» Stored data:
►

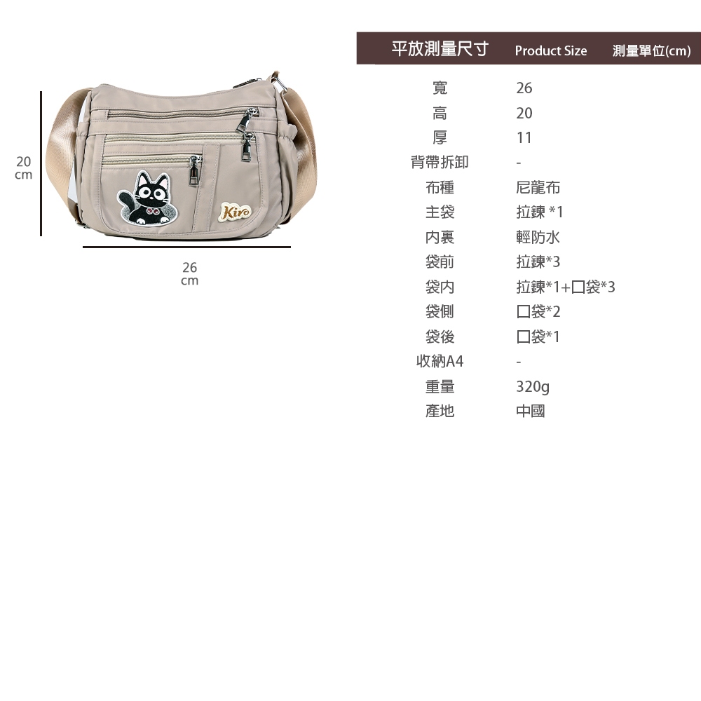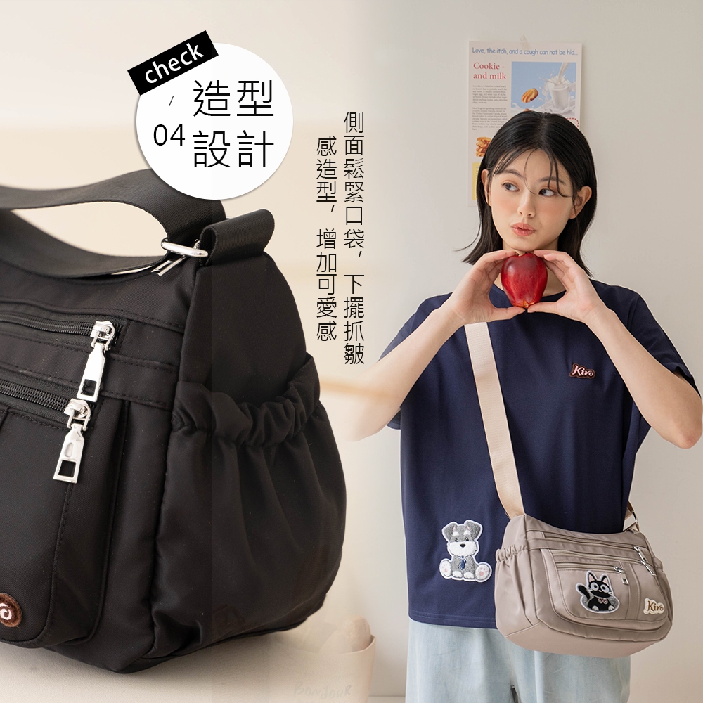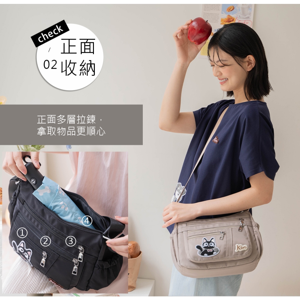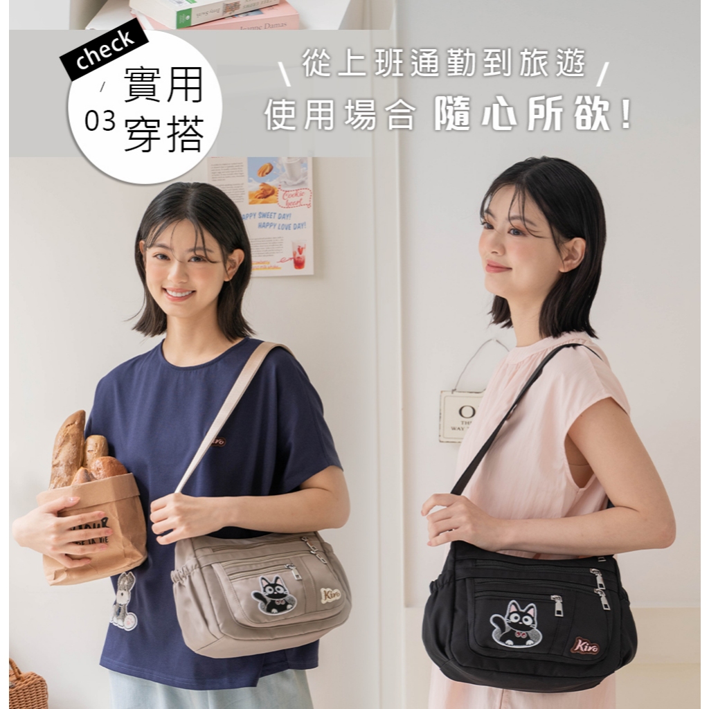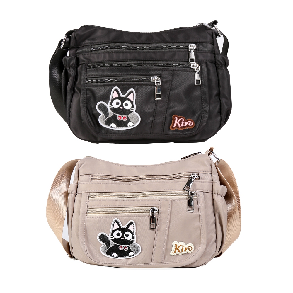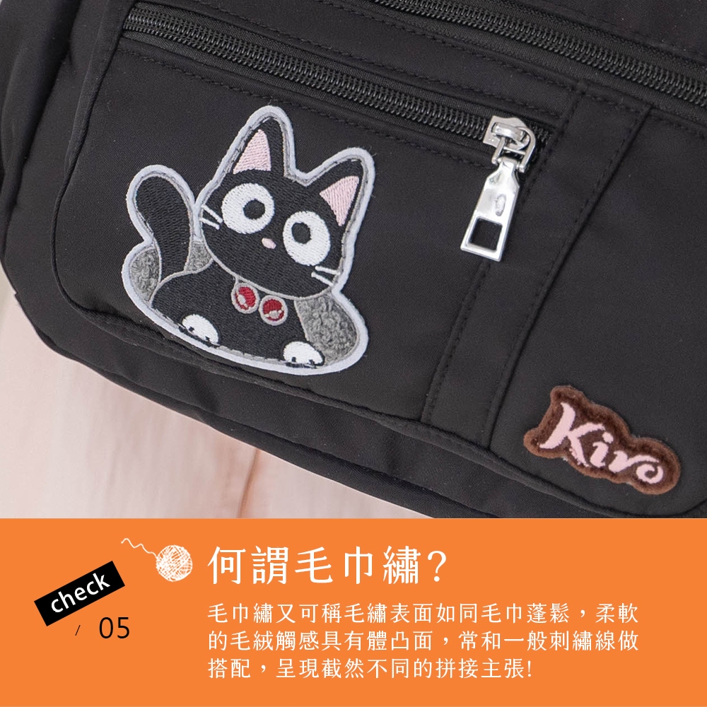 【Kiro貓】寶袋包 小黑貓 毛巾繡 輕防水 多層斜背包【330073】可可灰|經典黑Kiro貓 官方旗艦店
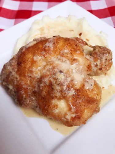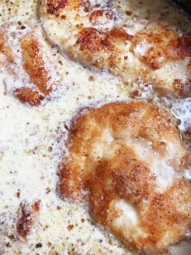 This Pan Fried Chicken in Creamy Garlic Sauce is a favorite dish in my family. If you have about 30 minutes to prepare dinner this is definitely a recipe to consider. It’s a flavorful comfort dish served over mashed potatoes (rice or pasta if so desired). Pan frying the chicken breasts makes them crispy on the outside and moist on the inside. The creamy garlic sauce with caramelized onions if flavorful but not overpowering, making it a delicious sauce.
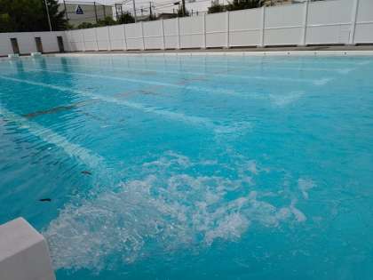 プールがきれいになり、水でいっぱいに満たされました。
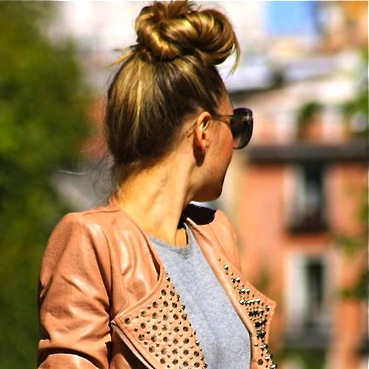 Brush all your hair up to top of your head and secure with band; then twist hair and drape around pony. For a cool top knot secure with bobby pins or cool barrette.

◄

Restate the data above word for word, so that the only difference is the missing pictures.

 【Kiro貓】寶袋包 小黑貓 毛巾繡 輕防水 多層斜背包【330073】可可灰|經典黑Kiro貓 官方旗艦店
 This Pan Fried Chicken in Creamy Garlic Sauce is a favorite dish in my family. If you have about 30 minutes to prepare dinner this is definitely a recipe to consider. It’s a flavorful comfort dish served over mashed potatoes (rice or pasta if so desired). Pan frying the chicken breasts makes them crispy on the outside and moist on the inside. The creamy garlic sauce with caramelized onions if flavorful but not overpowering, making it a delicious sauce.
 プールがきれいになり、水でいっぱいに満たされました。
 Brush all your hair up to top of your head and secure with band; then twist hair and drape around pony. For a cool top knot secure with bobby pins or cool barrette.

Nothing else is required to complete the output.